### EXERCISE:
Omitting all images, transcribe the listing word for word.

[Opening DATA SEGMENT section]

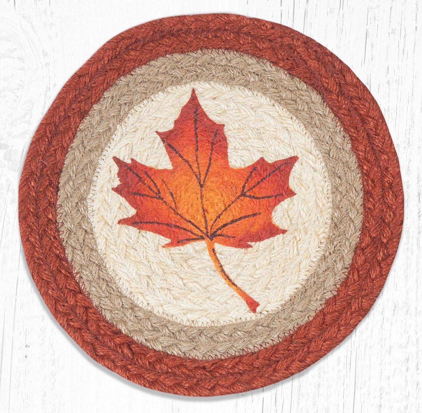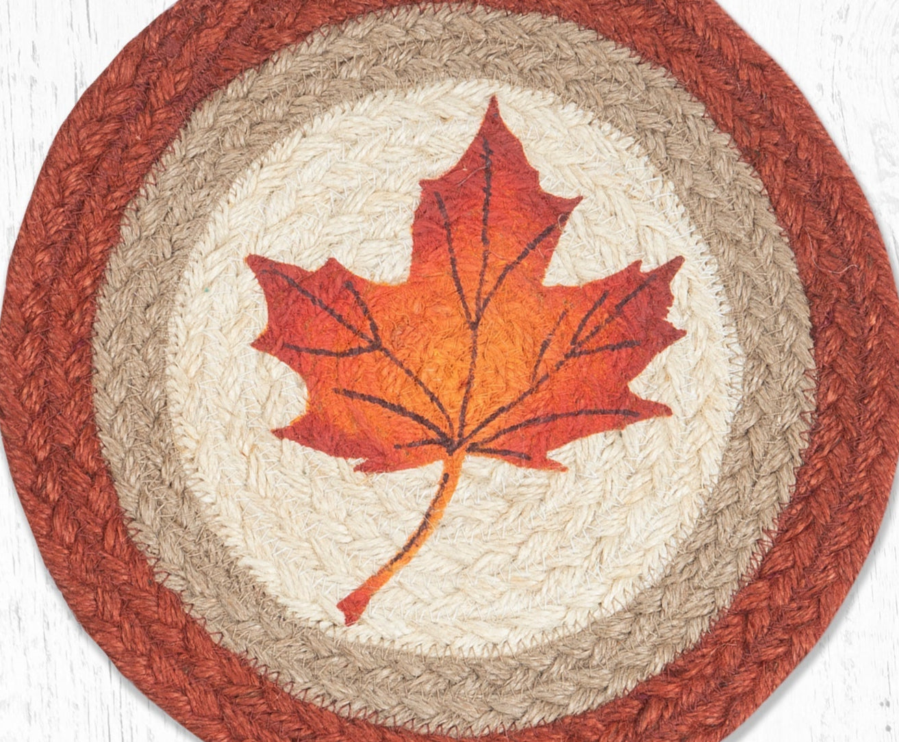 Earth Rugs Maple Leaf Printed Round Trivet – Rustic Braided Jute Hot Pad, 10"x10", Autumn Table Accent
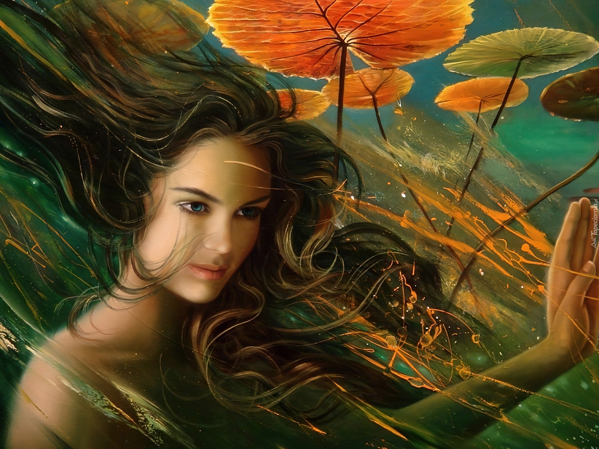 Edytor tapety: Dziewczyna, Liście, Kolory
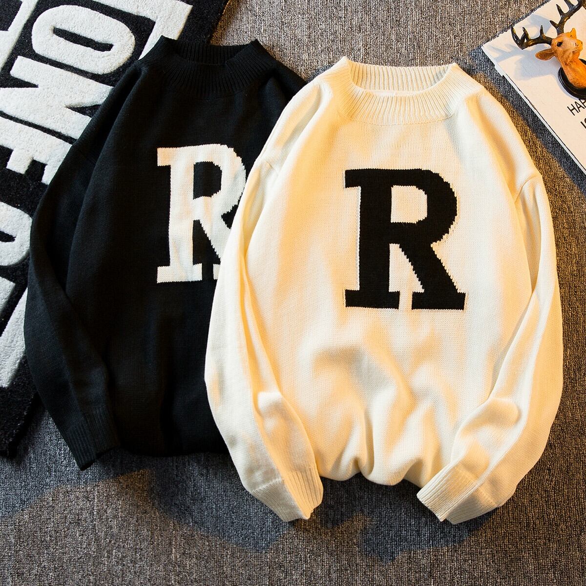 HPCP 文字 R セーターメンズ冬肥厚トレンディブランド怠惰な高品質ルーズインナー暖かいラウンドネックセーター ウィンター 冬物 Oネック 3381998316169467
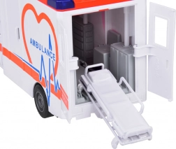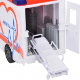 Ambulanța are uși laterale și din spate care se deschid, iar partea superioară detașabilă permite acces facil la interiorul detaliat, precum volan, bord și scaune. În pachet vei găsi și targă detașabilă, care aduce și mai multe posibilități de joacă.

[Closing DATA SEGMENT section]

### FINISHED EXERCISE:
 Earth Rugs Maple Leaf Printed Round Trivet – Rustic Braided Jute Hot Pad, 10"x10", Autumn Table Accent
 Edytor tapety: Dziewczyna, Liście, Kolory
 HPCP 文字 R セーターメンズ冬肥厚トレンディブランド怠惰な高品質ルーズインナー暖かいラウンドネックセーター ウィンター 冬物 Oネック 3381998316169467
 Ambulanța are uși laterale și din spate care se deschid, iar partea superioară detașabilă permite acces facil la interiorul detaliat, precum volan, bord și scaune. În pachet vei găsi și targă detașabilă, care aduce și mai multe posibilități de joacă.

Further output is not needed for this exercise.